Stored items from a collection:
== Segment start ==

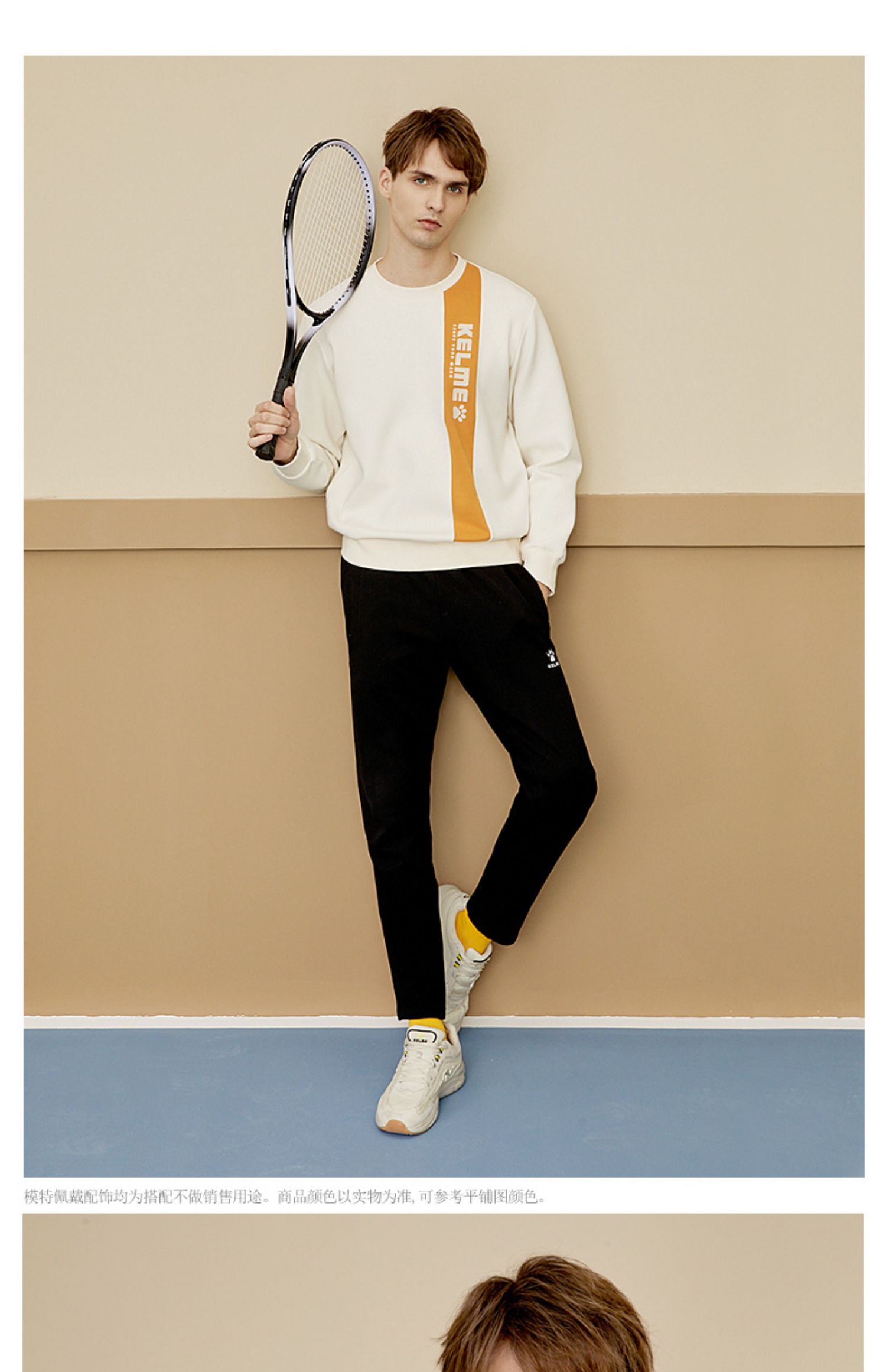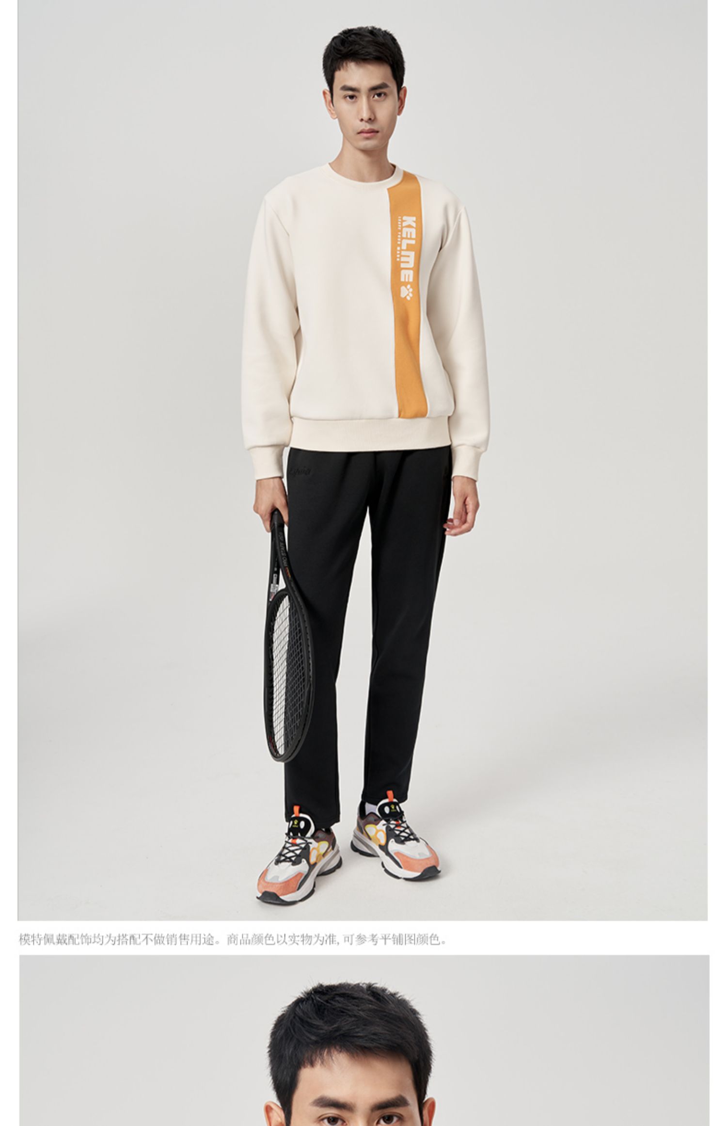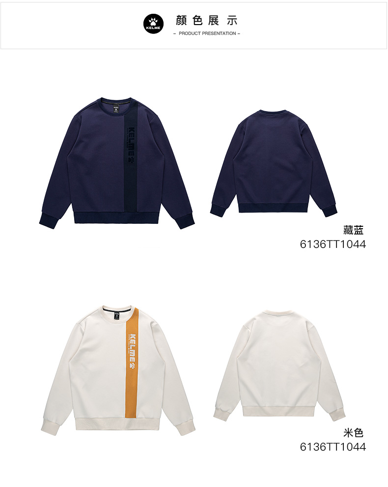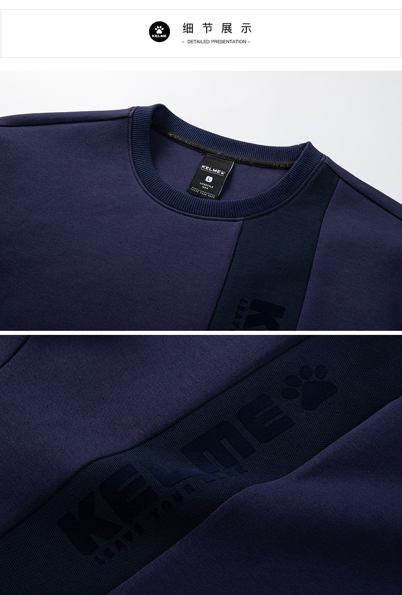 KELME卡尔美圆领套头卫衣男春秋新款无帽青少运动休闲上衣
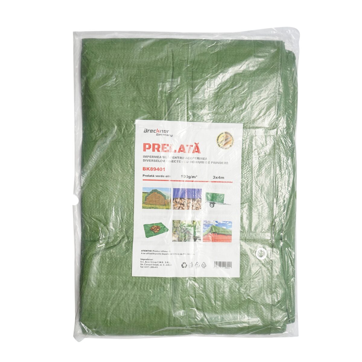 Prelata cu ochiuri de prindere 100g/m2 verde 3x4m
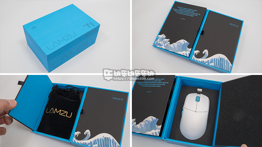 LAMZU(람주) Atlantis Superlight 무선 게이밍 마우스는 이중 패키지로 구성되어 마우스가 인쇄된 커버를 오픈하면 블루 컬러 하드박스로 디자인된 패키지를 마주하게 됩니다.
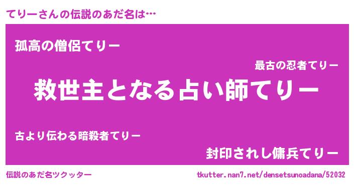 | ヒーロー風カッコイイあだ名 | 『慈愛の使者てりー』『超時空戦士テリー』 |
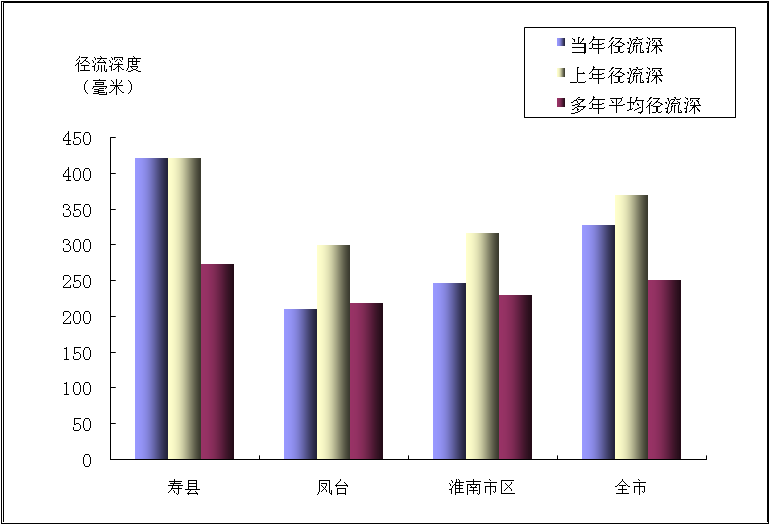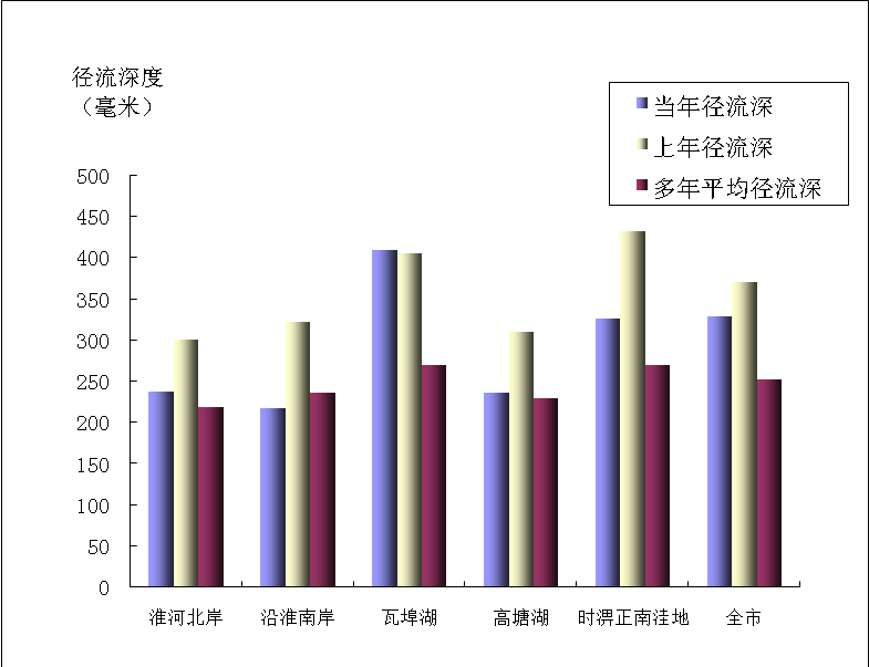 按水资源分区统计,沿淮南岸径流深最小,为216.2毫米;瓦埠湖区最大,为409.3毫米。与上年比较,淮河北岸、沿淮南岸、高塘湖区、时淠正南洼地径流深分别少21.1%、32.8%、24.0%、24.7%,瓦埠湖区多1.2%。与多年平均比较,淮河北岸、沿淮南岸、瓦埠湖区、高塘湖区、时淠正南洼地分别多8.3%、52.0%、2.8%、21.0%,沿淮南岸少8.0%。各水资源分区地表水资源量与上年、多年平均的比较情况(以径流深表示)见图6。

== Segment end ==

### What the task requires
Do not include pictures. Copy only the lines running from the line with "ヒーロー風カッコイイあだ名 | 『慈愛の使者てりー』『超時空戦士テリー』 |" through the last line of the records, exactly as they appear.

### Expected output
 | ヒーロー風カッコイイあだ名 | 『慈愛の使者てりー』『超時空戦士テリー』 |
 按水资源分区统计,沿淮南岸径流深最小,为216.2毫米;瓦埠湖区最大,为409.3毫米。与上年比较,淮河北岸、沿淮南岸、高塘湖区、时淠正南洼地径流深分别少21.1%、32.8%、24.0%、24.7%,瓦埠湖区多1.2%。与多年平均比较,淮河北岸、沿淮南岸、瓦埠湖区、高塘湖区、时淠正南洼地分别多8.3%、52.0%、2.8%、21.0%,沿淮南岸少8.0%。各水资源分区地表水资源量与上年、多年平均的比较情况(以径流深表示)见图6。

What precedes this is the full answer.